|Reino cuántico|
El mundo entero conoce cada detalle de la edificación de la Torre Stark, incluso turistas de todo el mundo viajan a Nueva York para visitar lo que un día fue la base de los vengadores y vivienda del filántropo millonario. Su principal atracción fue siempre el gigantesco letrero en letras azules tan brillante que deslumbraba a todo aquel que pasaba por su lado, pero así como el resto de la población mundial, el más popular edificio de la gran manzana se encontraba apagado en su totalidad.
Amelia subía calladamente por el elevador con dos objetos muy extraños descansando en su bolsillo que estaba destinado a almacenar armas, pero en su lugar ahí reposaba un coche de juguete y un pequeño control que ella se había encontrado minutos atrás. Mientras la melodía del ascensor sonaba a su subida al último piso de la torre, ella cerró los ojos concentrándose en su respiración, tan calmada y pasiva que permitía escuchar el latido de su corazón cada segundo. Quería poner su mente en blanco, no pensar por un minuto y permitirse el duelo de lo que había ocurrido, pero después de ver la inestabilidad de Tony que tal vez era por su estancia en el espacio o el hecho de haber perdido una guerra se dio cuenta que ella tendría que jugar el papel que siempre le había correspondido, fuerte y calma con el rostro sin afectar a pesar de los eventos pasados, tenía que permanecer así por Tony y de alguna forma por ella misma.

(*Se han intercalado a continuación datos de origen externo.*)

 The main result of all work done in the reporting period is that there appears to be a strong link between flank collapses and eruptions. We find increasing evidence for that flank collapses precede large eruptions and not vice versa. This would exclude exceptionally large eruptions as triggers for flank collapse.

El sonido que indicaba que había llegado a su piso interrumpió su cómodo silencio mental y se dispuso a poner un pie fuera de las puertas metálicas. Todo estaba como lo había dejado, oscuro y con un hedor a alcohol casi insoportable; sus pasos eran lo único que se escuchaban en su camino y una que otra botella chocaba contra sus pies al ella patearlas para poder pasar.

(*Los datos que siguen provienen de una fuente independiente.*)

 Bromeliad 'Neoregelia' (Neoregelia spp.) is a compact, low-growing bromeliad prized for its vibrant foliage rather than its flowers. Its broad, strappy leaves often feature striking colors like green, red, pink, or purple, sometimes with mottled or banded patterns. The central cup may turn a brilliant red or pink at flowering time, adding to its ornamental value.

—Whiskey—susurró ella reconociendo el olor de la bebida de la noche
Siguió caminando hasta el laboratorio donde se encontraba el epicentro del estallido alcoholico donde Tony Stark se veía hundido. El sonido del repulsor llamó su atención y fue a duras penas cuando formó su escudo para protegerse del ataque del brazo de iron man. Sus pies se arrastraron detrás del escudo debido al ataque que había provocado un estallido de luz, la única luz que se pudo apreciar por un par de segundos en la entera edificación.
—¡¿Qué mierda te pasa?!—dijo estabilizándose después de perder el equilibrio
Tony levantó la cabeza mirándola fijamente por un segundo para bajarla y decir algo de una manera tan discreta que los oídos de Amelia apenas pudieron percibir.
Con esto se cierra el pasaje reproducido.